Being AI Pacino – AI standing for artificially intelligent – I can get away by making ‘interesting commentary’ on matches in the ongoing World Cup; make people turn towards me just by asking, ‘But won’t the latest non-manufacturing PMI affect the next Fed rate hike?’; throw in some unconfirmable Patidar poll behaviour to explain Thursday’s Gujarat poll results; and recommend, without giving too much away (since I have little to give away in the first place), Kotaro Isaka’s novel, Bullet Train.
After all, what is intelligence but artificially imbibing, cherrypicking, collating and then laying things generally accepted as ‘intelligent’ liver pate thick for folks to wah, wah? To be deft at pretending intelligence is to come across successfully as being intelligent.
Mathematician and logician Alan Turing would have recognised this as mimicking intelligence. Or would he have? Turing devised an experiment – the Turing Test, originally called ‘the imitation game’ — which set a standard for machines to be called ‘intelligent’. By asking a set of questions like a visa officer questioning a Rohingya refugee pretending to be an investment banker, the Turing Test hopes to catch an artificially intelligent machine trying to slip through as human, no matter how low the latter’s IQ may be. Or, at least, that is its plan.
Yes, some might call this racist against robots. But advancements in pretending have grown leaps and bounds. Everyone’s agog with news about the new Al in town – OpenAI’s ChatGPT (generative pre-trained transformer). When given (almost) any cognitive task, it can do it in seconds with aplomb. From solving your JEE maths problems on command, to writing an epic poem in the style of Chetan Bhagat on the subject of a Hindu invasion of Kentucky, to drawing up export projections of Jharkhand coal to Newcastle, ChatGPT can wow people who stopped getting wowed by GPS locating a while ago.

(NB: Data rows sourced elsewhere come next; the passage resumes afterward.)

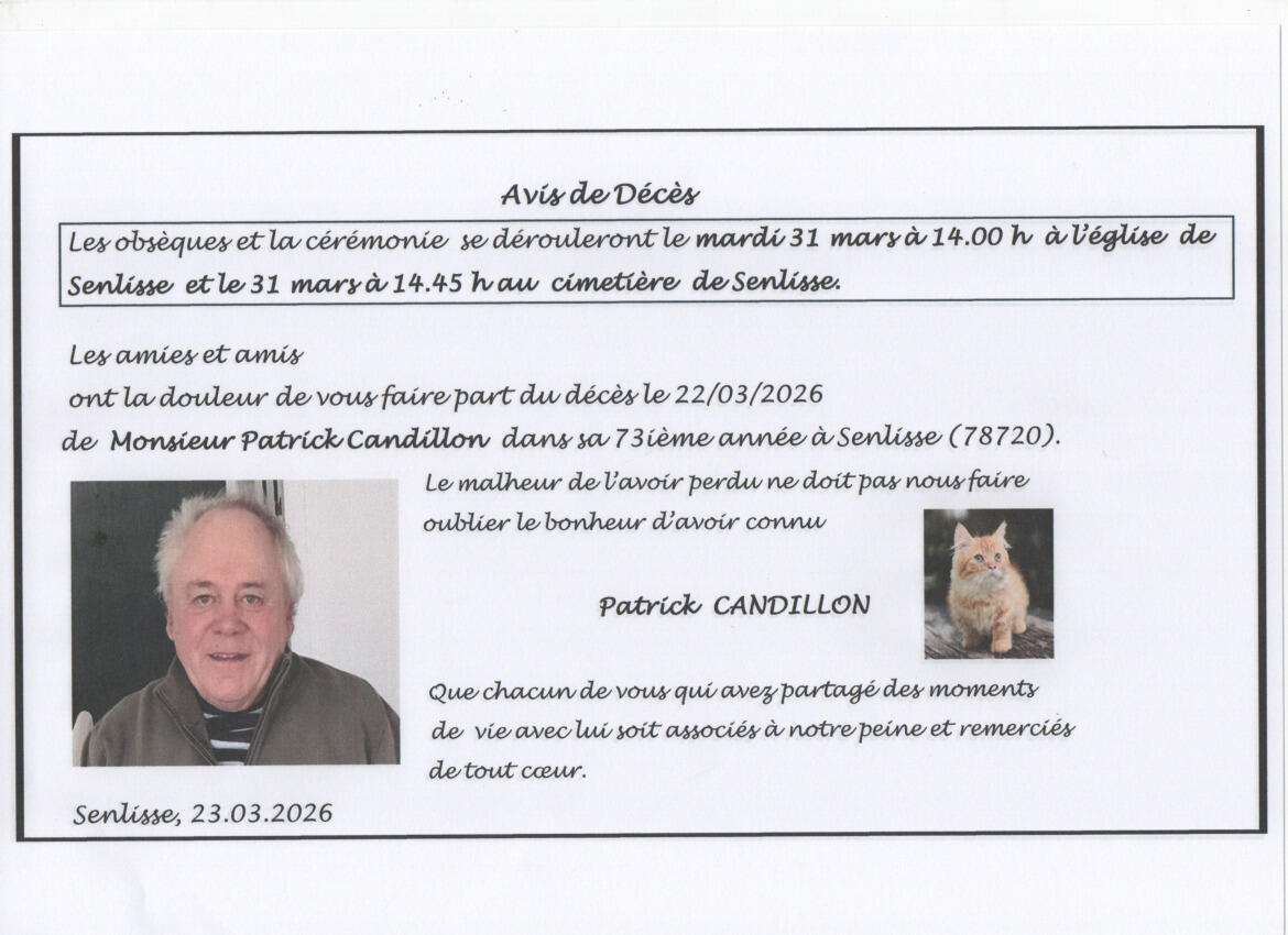 Obsèques de Monsieur Patrick Candillon mardi 31 mars 14H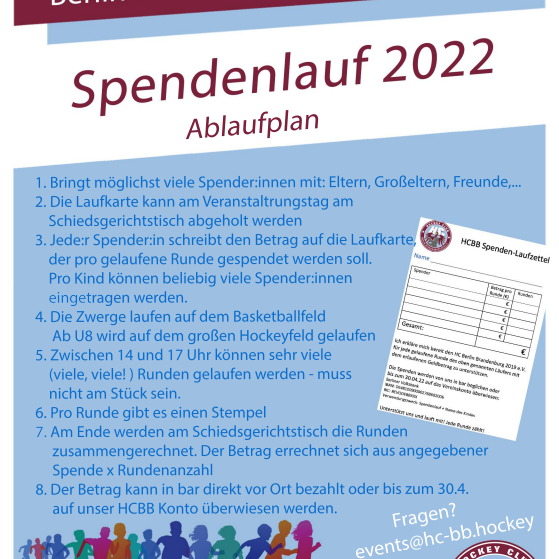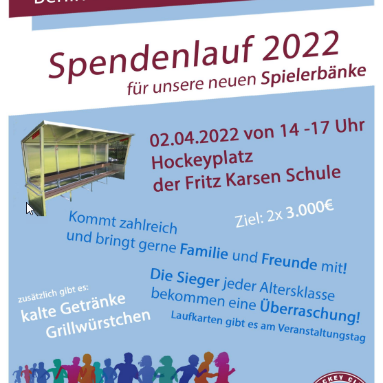Am 02.04.2022 (Samstag) findet von 14:00 Uhr bis 17:00 Uhr der Spendenlauf für unsere neuen Spielerbänke auf dem Hockeyplatz der Fritz Karsen Schule statt. Kommt zahlreich und bringt gerne Familie und Freunde mit!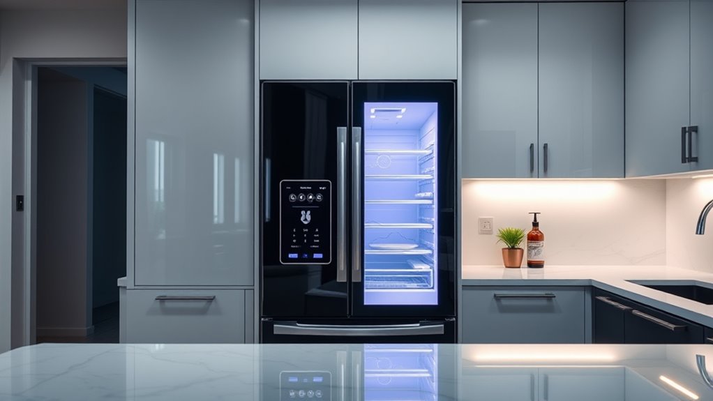 If you’re upgrading to a futuristic kitchen, I recommend exploring the top smart refrigerators with touch screens. Options like the Samsung RF29DB9900QD, LG InstaView, and Cafe models offer sleek designs, large displays, and smart features like Wi-Fi connectivity, voice control, and customizable panels. These fridges combine style with functionality, making food management effortless. Keep in mind capacity and integration options—if you continue, you’ll discover the best features to fit your needs.

But before you can heehaw, ‘C’mon AI Pacino, you’re just jealous of this new highly capable linguistic brain,’ let me just say why ChatGPT will be a novelty item for 99.9% to generate jokes, memes, wedding invitations, (inadequate) course work, poetry (for people who can’t tell the difference between a Rimbaud and a cousin’s poem on a rainbow)…. In other words, a performing monkey for spectating primates.
After the initial wowzee dies down, (intelligent) people will find out that instead of replacing employees with ChatGPT, there’ll be five boffins for every terminal with ChatGPT, which may be cut down to two. (‘Sharmaji, how shall I frame the command to ChatGPT about coming up with a super-engaging ad copy for this mutual fund again?’) Unlike ATMs with their basic command choices, or sensor-activated taps with no command choices needed, the real value in ChatGPT operations is provided by the command-er. It’s how one frames one’s ChatGPT ‘ask’ that gives this AI its je ne sais quoi (an intelligent way of saying ‘USP’).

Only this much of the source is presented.